- Work item: The listing below must be returned in full and unchanged, without the images it carries.

- Data section:
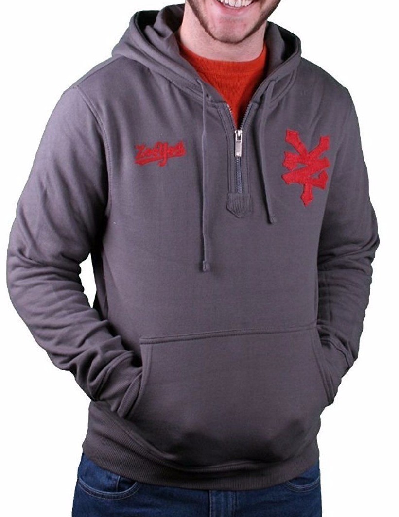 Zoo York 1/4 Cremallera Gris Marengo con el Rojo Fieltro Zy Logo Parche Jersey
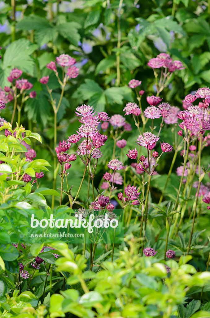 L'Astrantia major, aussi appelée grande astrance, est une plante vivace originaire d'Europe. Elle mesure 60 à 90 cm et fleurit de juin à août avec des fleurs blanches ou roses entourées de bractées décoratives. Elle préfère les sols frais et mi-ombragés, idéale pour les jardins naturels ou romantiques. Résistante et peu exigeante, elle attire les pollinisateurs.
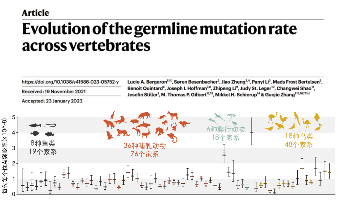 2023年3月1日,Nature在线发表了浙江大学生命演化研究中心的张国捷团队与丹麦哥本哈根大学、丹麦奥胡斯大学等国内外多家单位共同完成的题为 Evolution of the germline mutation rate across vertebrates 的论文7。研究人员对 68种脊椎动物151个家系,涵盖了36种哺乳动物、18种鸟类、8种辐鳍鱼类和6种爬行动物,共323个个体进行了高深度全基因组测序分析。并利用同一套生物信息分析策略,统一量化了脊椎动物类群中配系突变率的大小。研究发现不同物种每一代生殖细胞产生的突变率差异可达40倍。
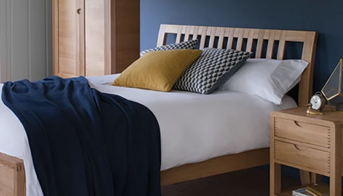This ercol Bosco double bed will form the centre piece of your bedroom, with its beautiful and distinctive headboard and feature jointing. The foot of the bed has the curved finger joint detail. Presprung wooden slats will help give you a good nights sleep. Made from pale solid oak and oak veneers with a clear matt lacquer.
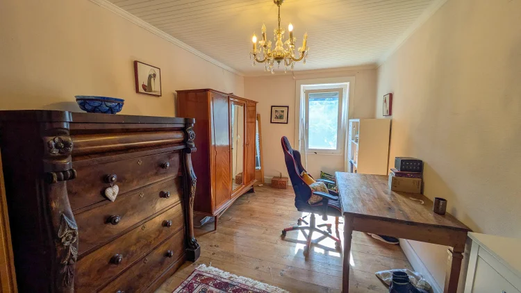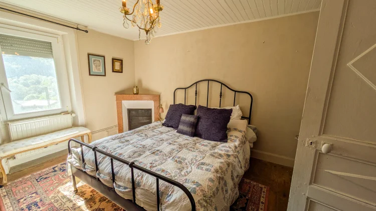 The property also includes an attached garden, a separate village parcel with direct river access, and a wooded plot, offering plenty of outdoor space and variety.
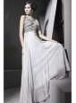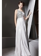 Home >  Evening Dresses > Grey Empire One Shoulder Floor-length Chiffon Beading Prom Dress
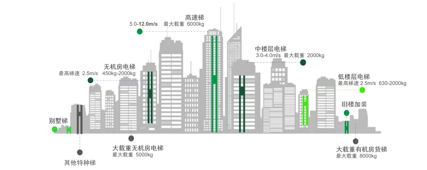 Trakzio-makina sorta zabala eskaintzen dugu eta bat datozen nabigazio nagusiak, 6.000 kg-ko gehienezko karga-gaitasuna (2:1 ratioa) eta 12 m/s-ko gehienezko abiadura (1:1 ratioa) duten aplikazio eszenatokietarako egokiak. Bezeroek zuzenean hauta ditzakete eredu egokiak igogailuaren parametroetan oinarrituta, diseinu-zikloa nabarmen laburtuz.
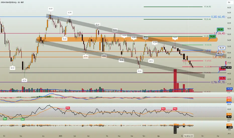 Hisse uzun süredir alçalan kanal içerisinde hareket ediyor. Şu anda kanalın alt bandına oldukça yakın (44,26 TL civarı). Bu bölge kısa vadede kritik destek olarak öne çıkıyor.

- Task answer:
 Zoo York 1/4 Cremallera Gris Marengo con el Rojo Fieltro Zy Logo Parche Jersey
 L'Astrantia major, aussi appelée grande astrance, est une plante vivace originaire d'Europe. Elle mesure 60 à 90 cm et fleurit de juin à août avec des fleurs blanches ou roses entourées de bractées décoratives. Elle préfère les sols frais et mi-ombragés, idéale pour les jardins naturels ou romantiques. Résistante et peu exigeante, elle attire les pollinisateurs.
 2023年3月1日,Nature在线发表了浙江大学生命演化研究中心的张国捷团队与丹麦哥本哈根大学、丹麦奥胡斯大学等国内外多家单位共同完成的题为 Evolution of the germline mutation rate across vertebrates 的论文7。研究人员对 68种脊椎动物151个家系,涵盖了36种哺乳动物、18种鸟类、8种辐鳍鱼类和6种爬行动物,共323个个体进行了高深度全基因组测序分析。并利用同一套生物信息分析策略,统一量化了脊椎动物类群中配系突变率的大小。研究发现不同物种每一代生殖细胞产生的突变率差异可达40倍。
This ercol Bosco double bed will form the centre piece of your bedroom, with its beautiful and distinctive headboard and feature jointing. The foot of the bed has the curved finger joint detail. Presprung wooden slats will help give you a good nights sleep. Made from pale solid oak and oak veneers with a clear matt lacquer.
 The property also includes an attached garden, a separate village parcel with direct river access, and a wooded plot, offering plenty of outdoor space and variety.
 Home >  Evening Dresses > Grey Empire One Shoulder Floor-length Chiffon Beading Prom Dress
 Trakzio-makina sorta zabala eskaintzen dugu eta bat datozen nabigazio nagusiak, 6.000 kg-ko gehienezko karga-gaitasuna (2:1 ratioa) eta 12 m/s-ko gehienezko abiadura (1:1 ratioa) duten aplikazio eszenatokietarako egokiak. Bezeroek zuzenean hauta ditzakete eredu egokiak igogailuaren parametroetan oinarrituta, diseinu-zikloa nabarmen laburtuz.
 Hisse uzun süredir alçalan kanal içerisinde hareket ediyor. Şu anda kanalın alt bandına oldukça yakın (44,26 TL civarı). Bu bölge kısa vadede kritik destek olarak öne çıkıyor.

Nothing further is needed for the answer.